Reading Reitter’s book, I occasionally had the suspicion that the author was himself writing a feuilleton. He writes colloquially but not clearly. (A short story “got [Thomas] Mann into some hot water”; a scholar who tries to define Jewish self-hatred “isn’t yet ready to give up on up on the phrase,” though others have “moved on.”) “Notwithstanding various differences, [contemporary scholar Shulamit] Volkov sounds quite a bit like Lessing channeling Kuh as she works with ‘Jewish self-hatred’”: That already confusing sentence actually appears in the first third of the book, before any sustained discussions of either Kuh or Lessing have been broached. Hyperbolic questions punctuate the narrative. One chapter, discussing Lessing’s rejection of Freud’s theory of the Oedipus Complex on the grounds that he hated his mother, too, begins by asking, “Could there be a sadder objection to psychoanalysis?” The question suggests Reitter has not talked to many neurotics.

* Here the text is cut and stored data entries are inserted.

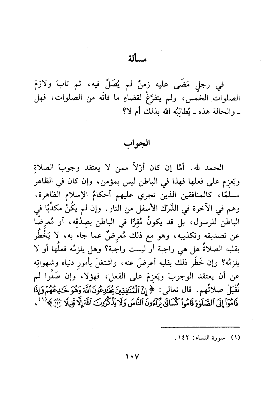 الحمد لله. أمَّا إن كان أوّلاً ممن لا يعتقد وجوبَ الصلاةِ ويَعزِم على فعلها فهذا في الباطن ليس بمؤمن، وإن كان في الظاهر مسلمًا، كالمنافقين الذين تجري عليهم أحكامُ الإسلام الظاهرة، وهم في الآخرة في الدَّرْك الأسفل من النار. وإن لم يكُنْ مكذِّبًا في الباطن للرسول، بل قد يكونُ مُقِرًّا في الباطن بصِدْقِه، أو مُعرِضًا عن تصديقه وتكذيبه، وهو مع ذلك مُعرِضٌ عما جاء به، لا يَخْطُر بقلبه الصلاةُ هل هي واجبة أو ليست واجبة؟ وهل يلزمُه فعلُها أو لا يلزمُه؟ وإن خَطَر ذلك بقلبه أعرضَ عنه، واشتغلَ بأمورِ دنياه وشهواتِه عن أن يعتقد الوجوبَ ويَعزِمَ على الفعل، فهؤلاء وإن صَلَّوا لم تُقْبَلْ صلاتُهم. قال تعالى: (إِنَّ الْمُنَافِقِينَ يُخَادِعُونَ اللَّهَ وَهُوَ خَادِعُهُمْ وَإِذَا قَامُوا إِلَى الصَّلاةِ قَامُوا كُسَالَى يُرَاؤُونَ النَّاسَ وَلا يَذْكُرُونَ اللَّهَ إِلَّا قَلِيلاً (142)) (1)،
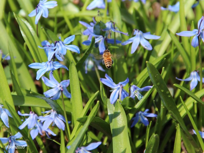 Native bloodroot flowers (Sanguinea canadensis) emerge with a single leaf tightly wrapped around each of them. (Notice the early native bee near the top of the photo!)
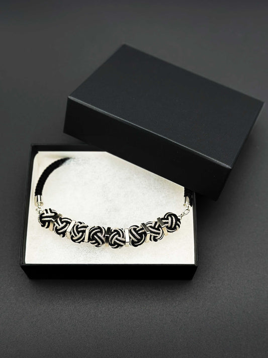 Kumihimo Silk Braided Necklace -Black&Silver-
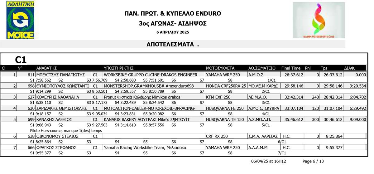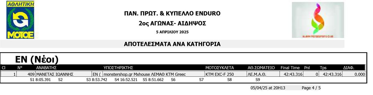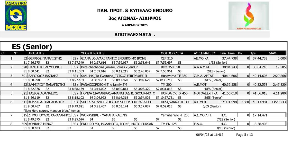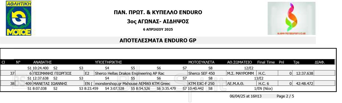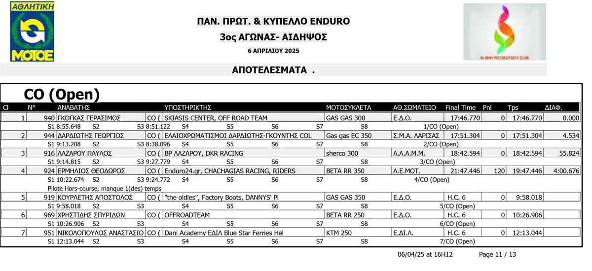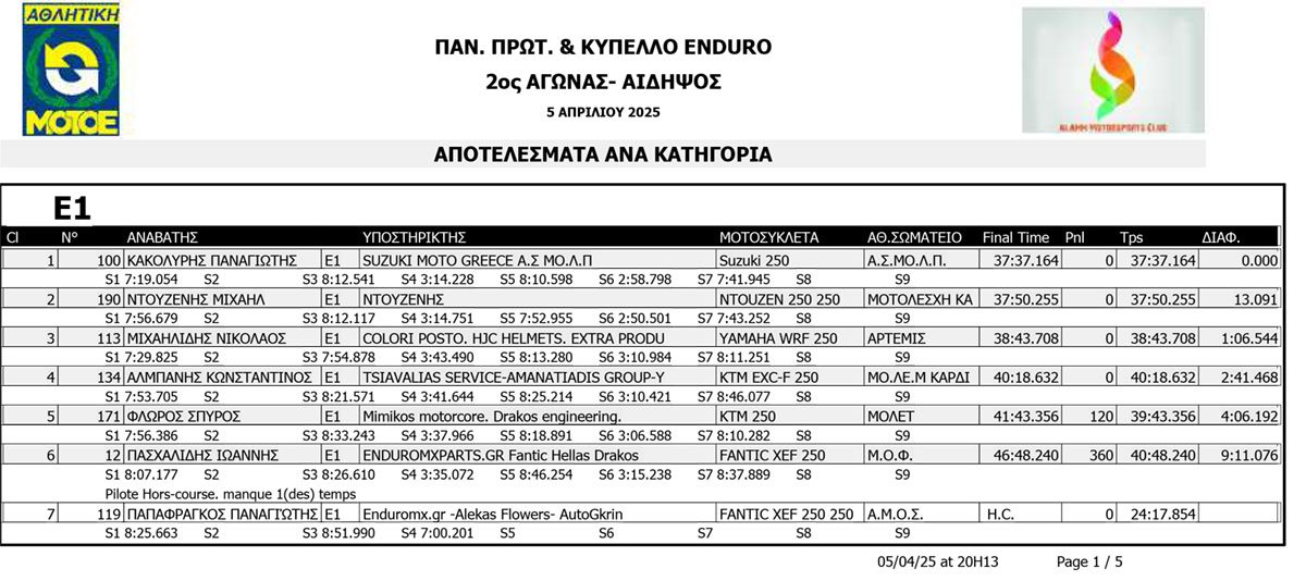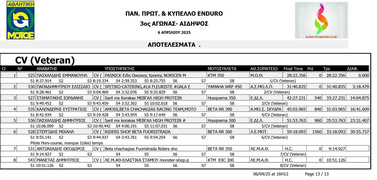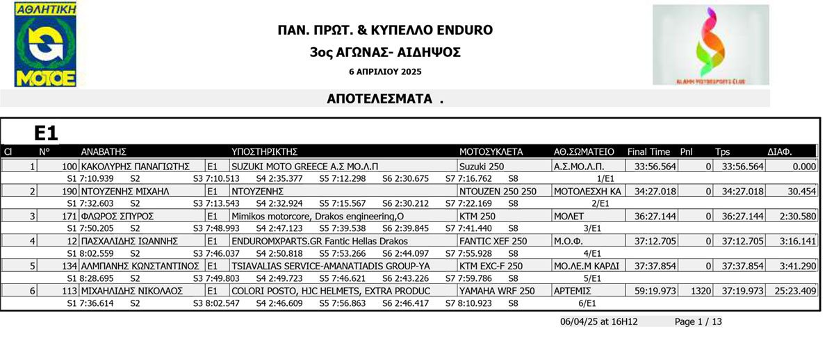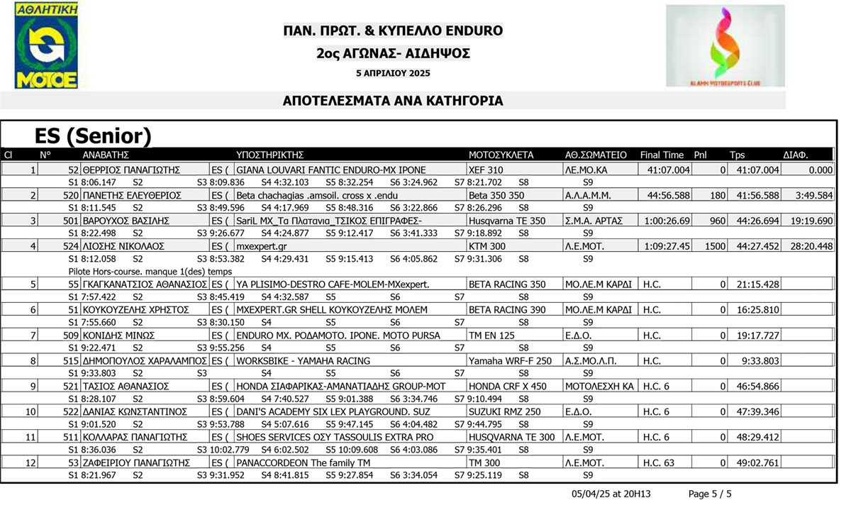 ΑΠΟΤΕΛΕΣΜΑΤΑ: 2ος & 3ος αγώνας Πανελλήνιου Πρωταθλήματος ENDURO και Κυπέλλου 2025 – Εύβοια
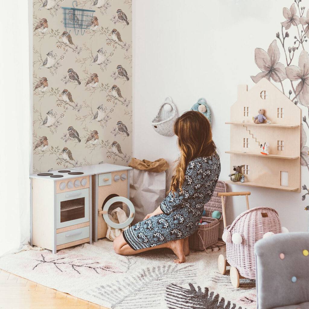 Обои для комнаты девочки должны быть нейтральными по цветовой гамме, подходящей к вышеперечисленным элементам. Они могут быть пастельных тонов, но в комнате должны быть нежными, ненавязчивыми. Если вы решаетесь на более выразительный узор, пусть он будет виден только на одной стене. Таким образом, вы избежите впечатления беспорядка и подавляющего эффекта.
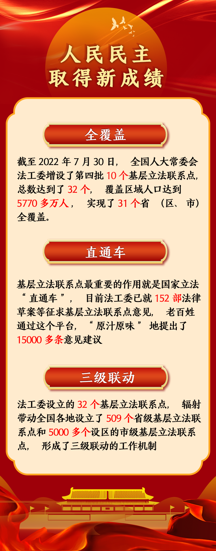 2022年,全國人大常委會加強(qiáng)人民當(dāng)家作主制度保障,將全過程人民民主重大理念上升為新修改的地方組織法等國家基本法律制度,擴(kuò)大人民有序政治參與和立法參與,保證人民依法行使民主權(quán)利,發(fā)展全過程人民民主取得了新成績。
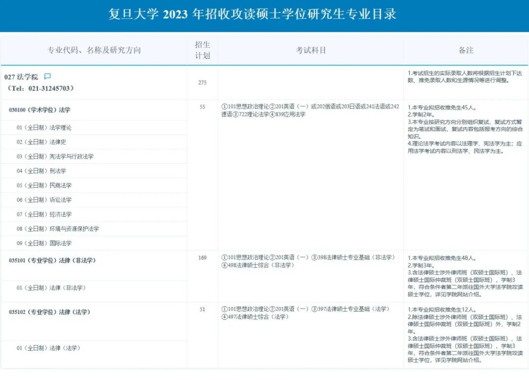 2023年复旦大学法学院考研专业目录
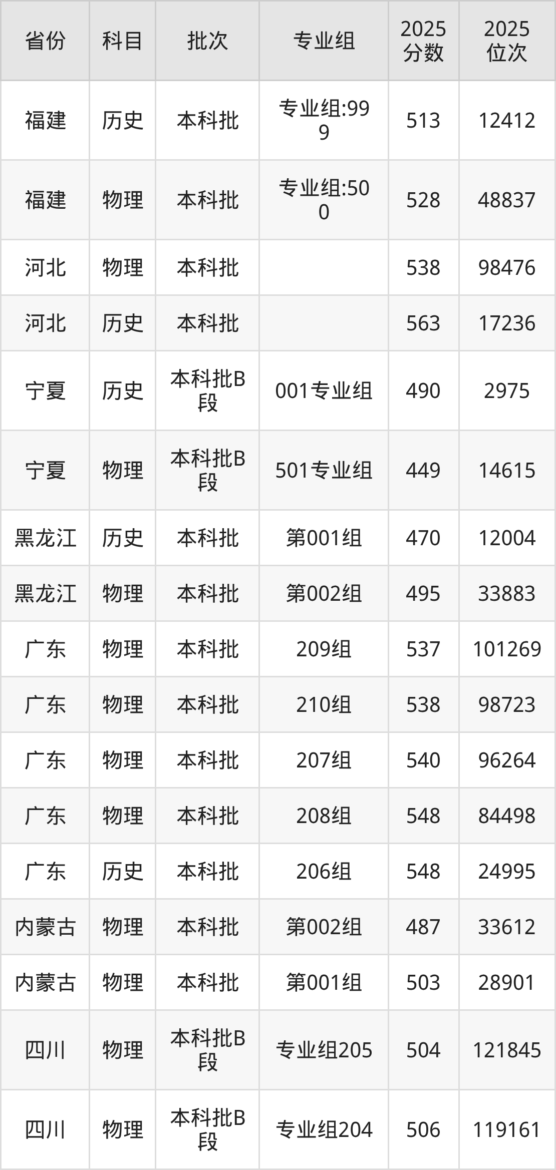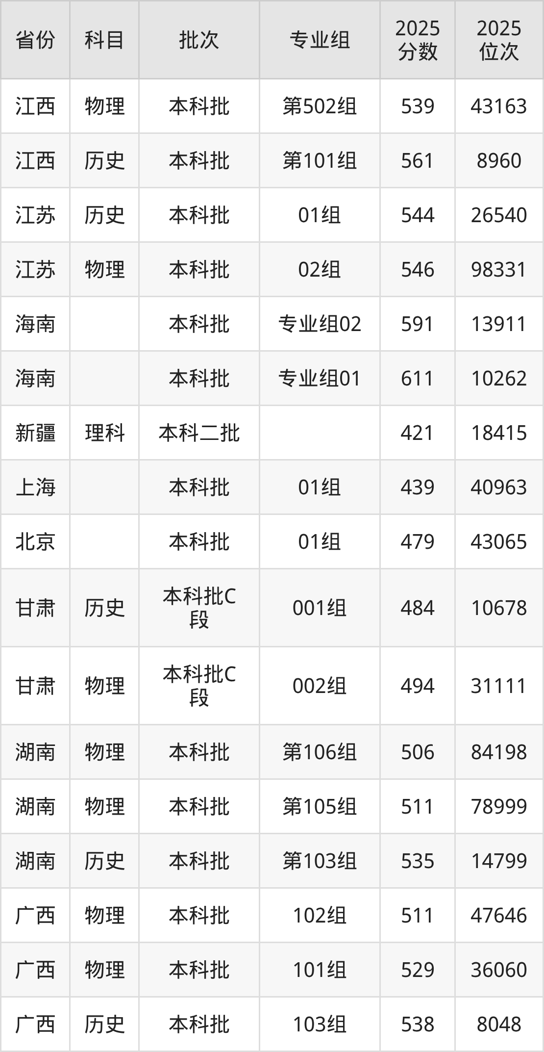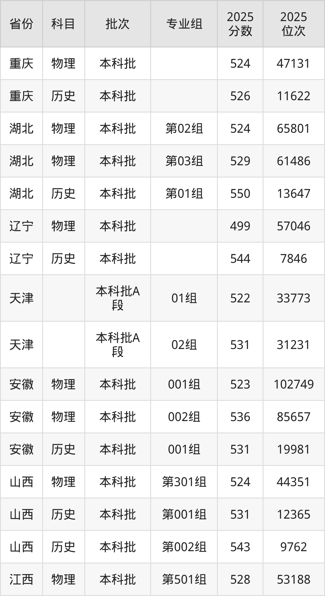 2025年在本科物理类进行招生,各专业组分数线详情如下:

To make sense of this book thus requires talmudic focus and concentration. “The Anti-Journalist” was well organized; perhaps the narrowness of a quasi-biographical subject helped. “On the Origins” hints at a way of making sense of Jewish difference, exile and the odd position of post-emancipation Jewry that is different from the well-known options. But this message is likely to be badly misunderstood by all but the most devoted readers (An early reviewer fallaciously likened Reitter to the horrid, Israeli-born anti-Semite Gilad Atzmon.) To borrow (and slightly distort) one of the reactions to Kuh’s 1921 book, “Jews and Germans”: “What good is all the wit in the world if you’re only talking to five acquaintances?”
Raphael Magarik is a freelance writer, luftmensch and soon-to-be Dorot fellow in Israel.